The appropriate evaluation is the one performed here: train on one independently collected corpus, evaluate on another, report cross-corpus F1 alongside within-corpus F1.
8.2 Practical Recommendations
For practitioners considering deployment of a stylometric AI code detector:
- Characterize your human author population before calibrating any threshold.
- Compute within-corpus AUROC on a representative sample of your known-human code; if it is low, the detector is not useful in your context regardless of training set size.
- Prefer continuous scores (HBD or equivalent) over binary labels. The decision of “this warrants review” is context-dependent; the score provides the raw signal.
- Union training across multiple human populations is necessary for a generalizing detector; no single corpus is sufficient.
8.3 Limitations
- All AI solutions use
deepseek-coder:6.7b. A multi-model paired corpus may alter findings. - Competitive programming is an extreme human domain. Codeforces humans are not representative of production software engineering.

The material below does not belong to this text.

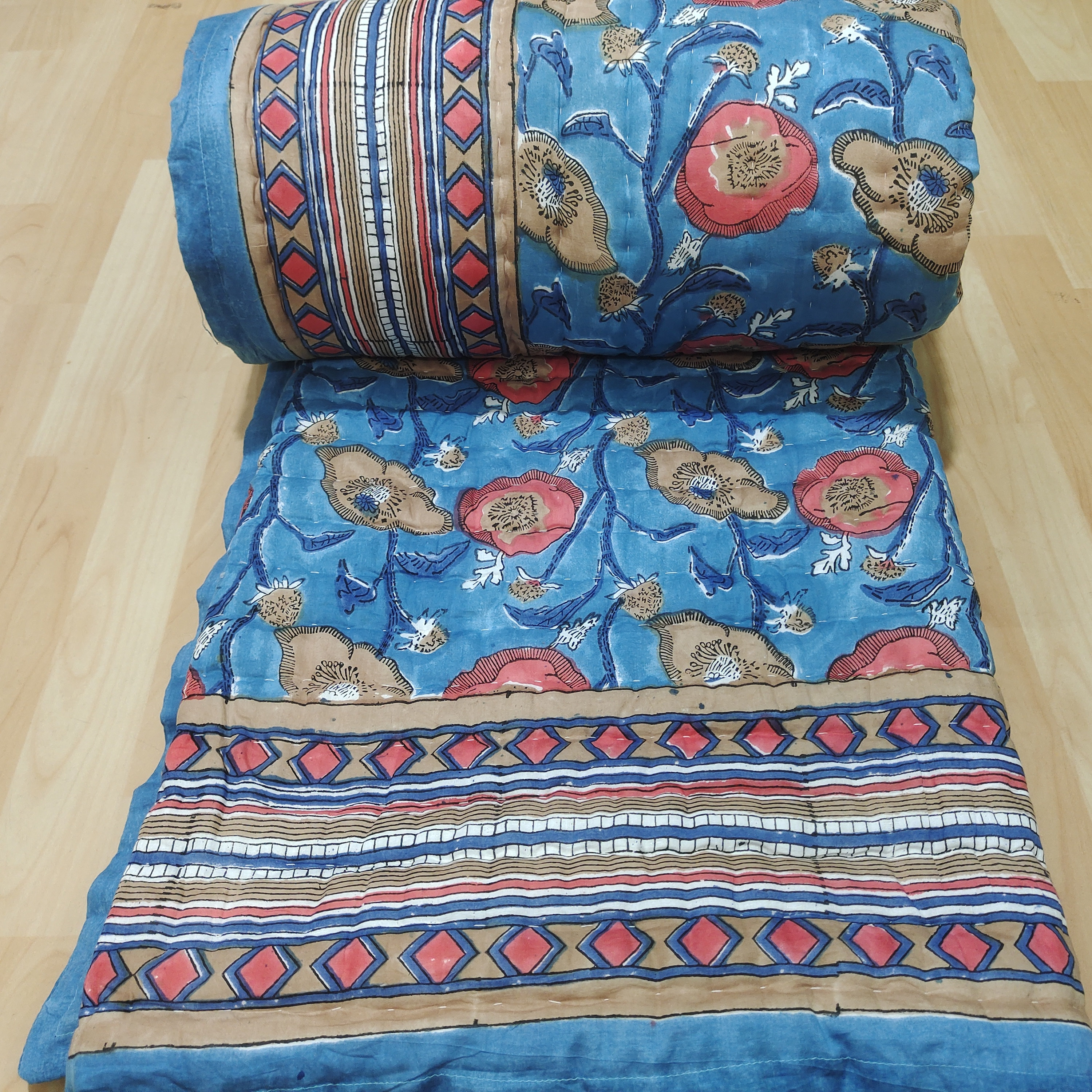 Indulge in the artistry of traditional craftsmanship with our exquisite Hand Stitched Hand Block Print Quilt. Each quilt is a masterpiece of skill and creativity, meticulously crafted by skilled artisans in Jaipur, India. From the intricate hand block printing to the careful stitching, every step in the process is a labor of love, resulting in a quilt that's as beautiful as it is functional.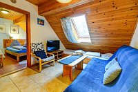Apartmán v obci Svébohy: 3 ložnice, celkem pro 2 až 16 osob. Orientační cena (za apartmán za noc): celoročně 2.450kč.

- AST-level features do not capture semantic choices: algorithm selection, identifier semantics, comment content.
- Formatter normalization (
black,autopep8) was not tested. Formatting-sensitive features may become uninformative after normalization. - HBD calibration is specific to the union baseline described. Deployment in new contexts requires recalibration against a local human sample.
9. Conclusions
-
Style-based detectors learn human baselines, not AI signatures. The dominant source of variance across corpora is the human distribution, not the AI distribution.
-
Human-quality drift is the failure mechanism. When humans write expert-quality, polished code, they look like AI on every discriminative feature. The detector conflates code quality with AI authorship.
-
The signal is local and real. Within-corpus F1 is high for all three corpora (0.92–0.99). The features carry information; it just does not transfer without a representative human baseline.
-
Diverse training fixes it. Union training on three human populations recovers 0.95 F1. The practical recommendation is corpus diversity, not feature engineering.
-
A continuous HBD score is more honest than a binary label. Given the baseline- dependence of the signal, a distance score with explicit calibration bounds is more deployable than a classifier that silently fails when the human population shifts.
-
Per-model fingerprinting works in-domain (~8x above chance, 35-way), suggesting model-specific detectors within a controlled corpus may be useful in constrained contexts.
-
High in-domain accuracy is not evidence of generalization. The gap between 99.7% (paired, in-domain) and 40% (cross-corpus) is not a tuning problem. It is the measurement itself.
Appendix: Reproducibility
All code, data collection scripts, and feature extraction pipelines are in the SentinalAI repository.
corpus/processed/features.parquet # 500K SemEval feature matrix
corpus/processed/paired_features.parquet # 373-row paired CF feature matrix
corpus/processed/humaneval_features.parquet # 328-row HumanEval feature matrix
features/extractor.py # 65-feature extractor
scripts/train_paired_classifier.py # LOPO-CV training
scripts/test_generalization.py # Cross-dataset evaluation
scripts/validate_third_corpus.py # HumanEval OOD validation
scripts/followup_analysis.py # Feature overlap + union training
scripts/model_fingerprinting.py # 35-way model identification
scripts/feature_forensics.py # Distribution shift analysis
scripts/hbd_scorer.py # HBD scorer (fit + evaluate)
models/hbd_scorer.pkl # Trained HBD scorer
The SemEval corpus is available at DaniilOr/SemEval-2026-Task13 on HuggingFace.
HumanEval is at openai/openai_humaneval. Paired corpus collection requires a
GitHub API token (see collector/fetch_github_human_solutions.py).